Nearly forty years after their heroism, the men of the Blackhorse Regiment have been given one the nation's highest honors.
At the White House today, President Barack Obama gave the Presidential Unit Citation to the Vietnam-era veterans of Alpha Troop, 1st Squadron, 11th Armored Cavalry, for their actions during what came to be known as "the anonymous battle" on March 26, 1970.
"Troopers, you are not anonymous anymore," Obama told the veterans who attended today's ceremony.
Army Times has described in detail what the men did. When the 200 men of "A Troop" learned that 80 to 100 other American soldiers were pinned down by the enemy in Vietnam's Tay Ninh Province, they volunteered to go to the rescue. It required hacking their way through four kilometers of jungle. Then, they attacked the North Vietnamese — driving them off.

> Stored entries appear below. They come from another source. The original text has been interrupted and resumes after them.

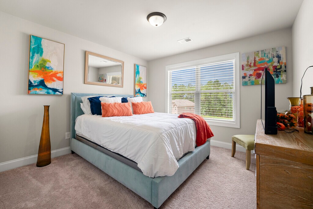 Spacious 5 Bedroom / 4 Bathroom Home with Basement and 3-Car Garage Enjoy a dramatic two-story family room with coffered ceilings, creating an open and inviting atmosphere. The chef's kitchen features granite countertops and an oversized island, ideal for everyday living and entertaining. Hardwood floors run throughout the main areas, adding warmth and sophistication, along with a convenient guest suite on the main level. Upstairs, the owner's retreat includes a private sitting area, offering a quiet escape. Three additional bedrooms and two full bathrooms provide ample space for family or guests. The full unfinished basement offers endless potential for storage, a home gym, or future expansion. A rare three-car garage adds even more convenience. This home delivers space, flexibility, and thoughtful design in every detail. Tenant pays all utilities, gas, power, water, internet, and yard maintance. Owner covers pest control.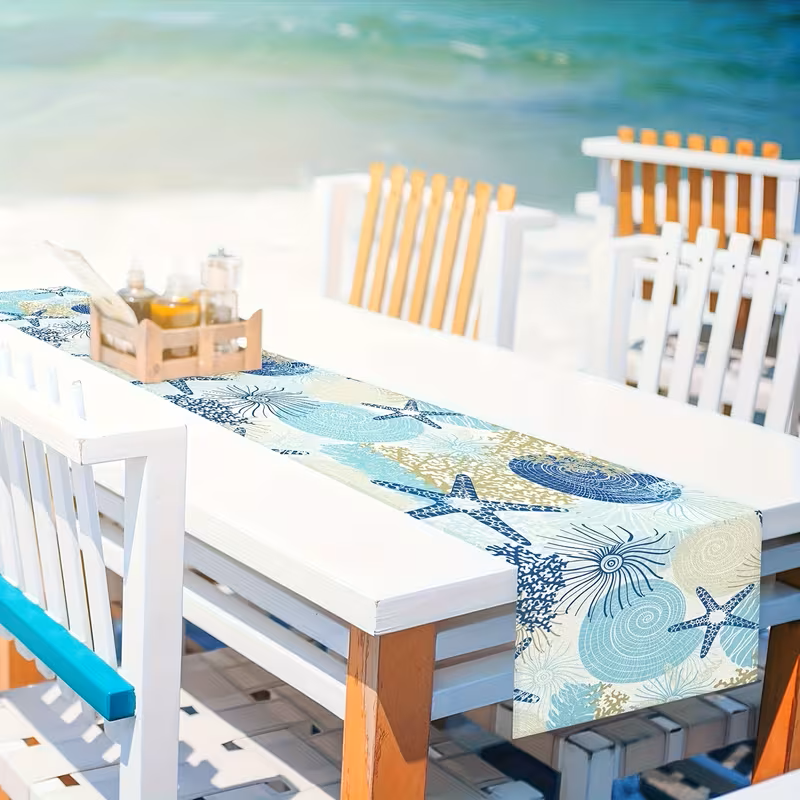 This Tropical Vibe Ocean Beach Theme Table Runner by Modern Linens is a perfect addition to any indoor or outdoor dining space.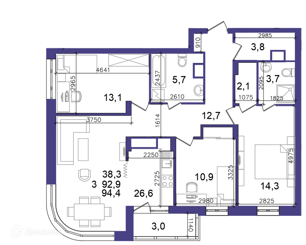 Общая площадь 95 м2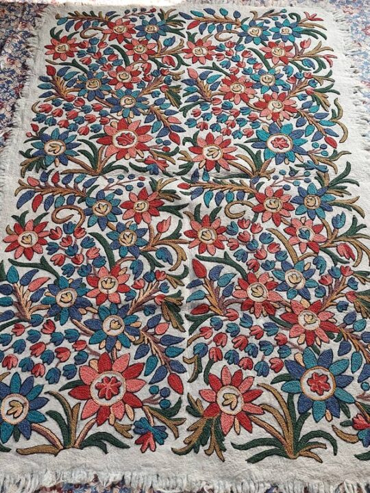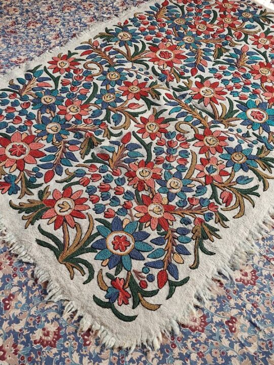 6×4 Floral Double Work Handmade Aari Embroidered Wool Namda

Two members of A Troop, Obama noted, died that day. Another 20 were wounded.
"The choice, to me, was one of [the] certainty of suffering versus a lifetime of guilt," John Poindexter, who was Alpha Troop's captain that day, told Army Times. "It was a collective realization of what we were getting ourselves into, but the consequence was to see 100 men killed."
Army Times says it was Poindexter, after he learned that his men hadn't gotten their individual honors for bravery, who led the effort to get the unit citation.